* [EXERCISE GOAL]
Please repeat the records exactly. The pictures are to be left out.
RECORDED INFORMATION START
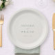 Create an elegant and cohesive table setting with these personalized sage green wedding paper plates. Featuring refined typography and a soft neutral palette, these plates are perfect for modern, minimalist, and garden weddings.
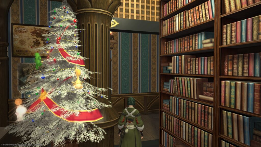 ちなみに、テーブルの上の書類は多分、いろんなダンジョンのギミックに関するメモだと思われます。パソコンならペタペタと付箋が貼ってあるところだけど〜。そういえば、パソコンの再現ハウジングも見かけたのですけれど、あれはどうなってるんだろう……? ハウジングの謎、まだまだ解明できてない謎が多いです。謎は(わたしにとって)難しければ難しいほど、たのしいものなのだ!(やせ我慢?)
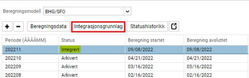 Når faktureringen er beregnet og beregningen kontrollert (se egen guide Fakturering - opprette grunnlag), skal den integreres.
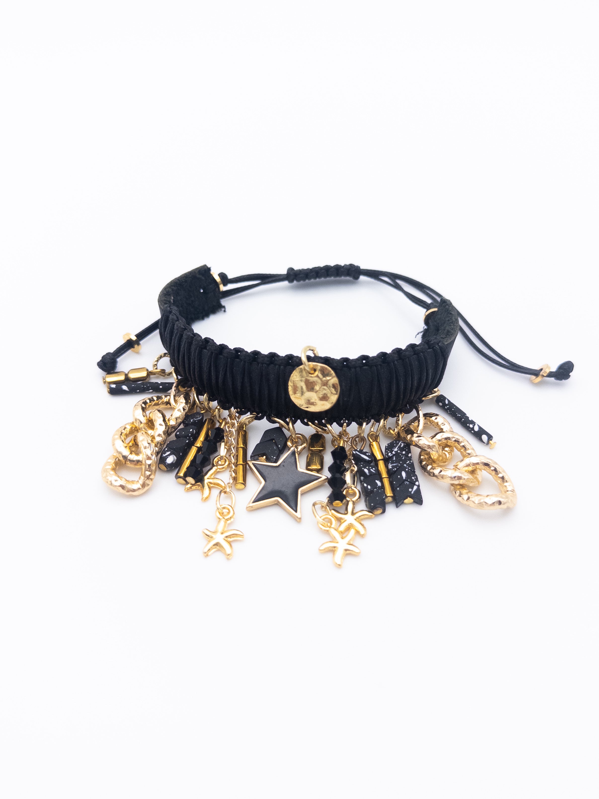 Add a touch of bold elegance to your style with this handcrafted black macramé anklet, adorned with luxurious gold-tone charms and intricate black and gold accents. Designed for those who love statement accessories, this anklet blends bohemian charm with a sophisticated edge, making it the perfect addition to any outfit.
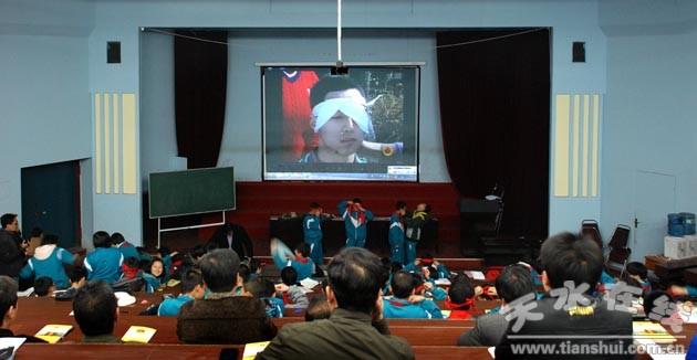 2012年11月19日下午,天水市人民防空辦公室,在市逸夫中學階梯教室舉辦防空知識教育觀摩活動。來自兩區(qū)教體局分管國防教育工作的局長、科室負責人、兩區(qū)城區(qū)初級中學分管校長及任課老師、逸夫初級中學的部分學生參加了觀摩活動。
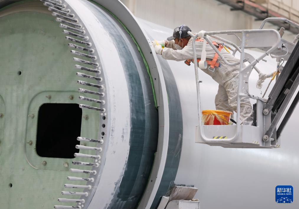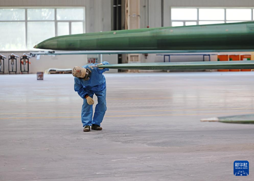 7月30日,在铁岭明阳新能源有限公司车间,工人在加工风力发电机叶片。
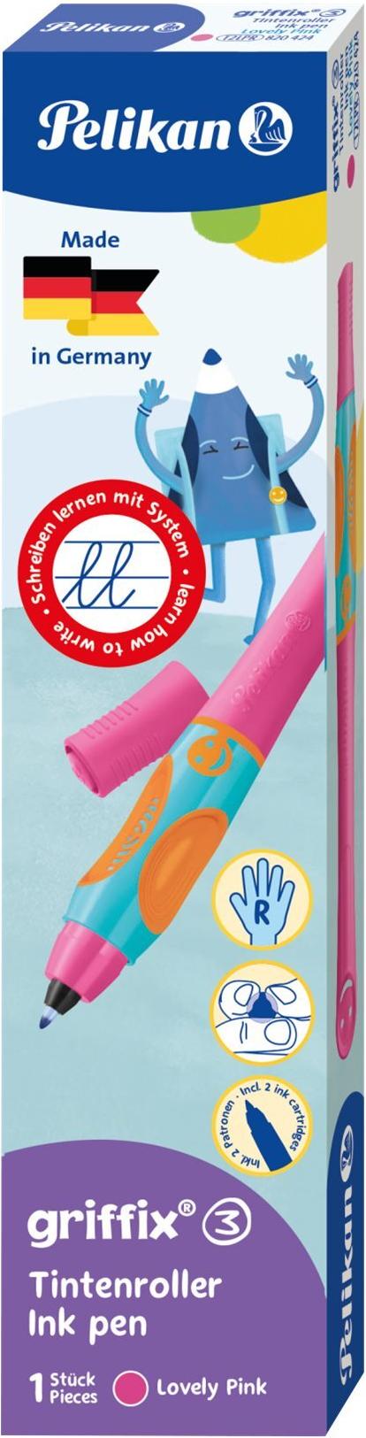 Pelikan griffix Tintenschreiber Lovely Pink für Rechtshänder, Schreiblernstift mit ergonomischer - 1 Stück (820424)
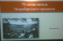 15 января был проведен урок Памяти, посвященный 70-летию Международного военного трибунала в Нюрнберге, для учащиеся 5-11 классов (учитель истории Гурьянова Л.Н.). Цель данного мероприятия рассказать учащимся об истории проведения Международного военного трибунала над главными военными преступниками Германии, познакомить подрастающее поколение с еще одной страницей истории Второй мировой войны. Показать, что главный урок Нюрнбергского процесса заключается в напоминании ныне живущим поколениям о страшной трагедии, грозившей всему миру, о подвиге наших соотечественников и других объединенных наций, о значимости решений состоявшихся судов для миллионов судеб человечества. Обвинительные приговоры на этом процессе подтвердили, что террор и агрессия, направленные против мирного населения, никогда не остаются безнаказанными.
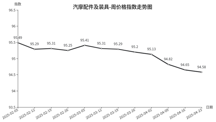 本周,汽摩配件及装具类周价格指数收于94.58点,环比下跌0.07点,跌幅0.07%。从指数构成看,二级分类中汽车配件类下跌0.14点;摩托车配件类上涨0.22点。
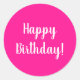 Adesivo Redondo Feliz Aniversário Típica Branca Rosa Quente
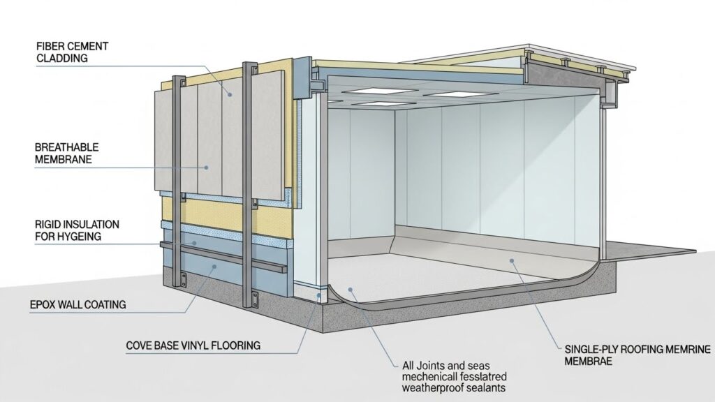Exterior finishes are weather-resistant, while interior surfaces are designed for easy cleaning and hygiene, especially for hospitals and clean environments.
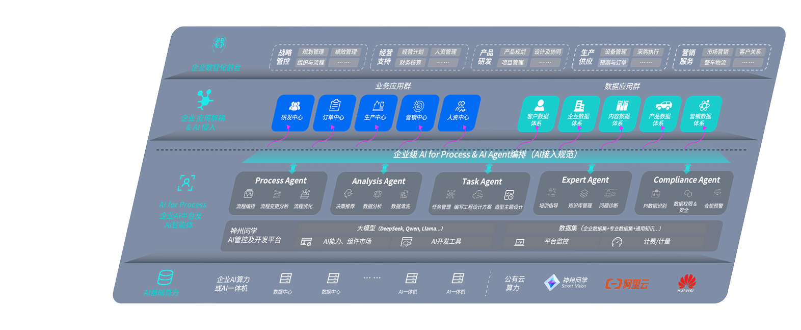 尊龙z6问学智车解决方案是一套基于AI技术的汽车行业智能化系统,,覆盖从底层算力到顶层AI应用的全栈方案。。方案由算力层、、、、模型层和应用层组成:算力层,,,方案支持多种一体机配置,,具备云端灵活部署、、、多云适配以及动态优化计算资源的能力;模型层,,,尊龙z6问学平台版提供了企业级AI应用一站式构建与管理平台,,,,支持基于后训练强化技术的汽车企业专属模型的训练、、、评测和运营;应用层,,,,尊龙z6问学DeepSeek版提供包括超级员工、、智能招采、、智能营销、、智能客服、、AI for BI等一系列解决方案,,,,可助力汽车行业实现数字化转型,,,让管理更智能、、响应更敏捷。。。
RECORDED INFORMATION END
* [RESULT BELOW]
 Create an elegant and cohesive table setting with these personalized sage green wedding paper plates. Featuring refined typography and a soft neutral palette, these plates are perfect for modern, minimalist, and garden weddings.
 ちなみに、テーブルの上の書類は多分、いろんなダンジョンのギミックに関するメモだと思われます。パソコンならペタペタと付箋が貼ってあるところだけど〜。そういえば、パソコンの再現ハウジングも見かけたのですけれど、あれはどうなってるんだろう……? ハウジングの謎、まだまだ解明できてない謎が多いです。謎は(わたしにとって)難しければ難しいほど、たのしいものなのだ!(やせ我慢?)
 Når faktureringen er beregnet og beregningen kontrollert (se egen guide Fakturering - opprette grunnlag), skal den integreres.
 Add a touch of bold elegance to your style with this handcrafted black macramé anklet, adorned with luxurious gold-tone charms and intricate black and gold accents. Designed for those who love statement accessories, this anklet blends bohemian charm with a sophisticated edge, making it the perfect addition to any outfit.
 2012年11月19日下午,天水市人民防空辦公室,在市逸夫中學階梯教室舉辦防空知識教育觀摩活動。來自兩區(qū)教體局分管國防教育工作的局長、科室負責人、兩區(qū)城區(qū)初級中學分管校長及任課老師、逸夫初級中學的部分學生參加了觀摩活動。
 7月30日,在铁岭明阳新能源有限公司车间,工人在加工风力发电机叶片。
 Pelikan griffix Tintenschreiber Lovely Pink für Rechtshänder, Schreiblernstift mit ergonomischer - 1 Stück (820424)
 15 января был проведен урок Памяти, посвященный 70-летию Международного военного трибунала в Нюрнберге, для учащиеся 5-11 классов (учитель истории Гурьянова Л.Н.). Цель данного мероприятия рассказать учащимся об истории проведения Международного военного трибунала над главными военными преступниками Германии, познакомить подрастающее поколение с еще одной страницей истории Второй мировой войны. Показать, что главный урок Нюрнбергского процесса заключается в напоминании ныне живущим поколениям о страшной трагедии, грозившей всему миру, о подвиге наших соотечественников и других объединенных наций, о значимости решений состоявшихся судов для миллионов судеб человечества. Обвинительные приговоры на этом процессе подтвердили, что террор и агрессия, направленные против мирного населения, никогда не остаются безнаказанными.
 本周,汽摩配件及装具类周价格指数收于94.58点,环比下跌0.07点,跌幅0.07%。从指数构成看,二级分类中汽车配件类下跌0.14点;摩托车配件类上涨0.22点。
 Adesivo Redondo Feliz Aniversário Típica Branca Rosa Quente
Exterior finishes are weather-resistant, while interior surfaces are designed for easy cleaning and hygiene, especially for hospitals and clean environments.
 尊龙z6问学智车解决方案是一套基于AI技术的汽车行业智能化系统,,覆盖从底层算力到顶层AI应用的全栈方案。。方案由算力层、、、、模型层和应用层组成:算力层,,,方案支持多种一体机配置,,具备云端灵活部署、、、多云适配以及动态优化计算资源的能力;模型层,,,尊龙z6问学平台版提供了企业级AI应用一站式构建与管理平台,,,,支持基于后训练强化技术的汽车企业专属模型的训练、、、评测和运营;应用层,,,,尊龙z6问学DeepSeek版提供包括超级员工、、智能招采、、智能营销、、智能客服、、AI for BI等一系列解决方案,,,,可助力汽车行业实现数字化转型,,,让管理更智能、、响应更敏捷。。。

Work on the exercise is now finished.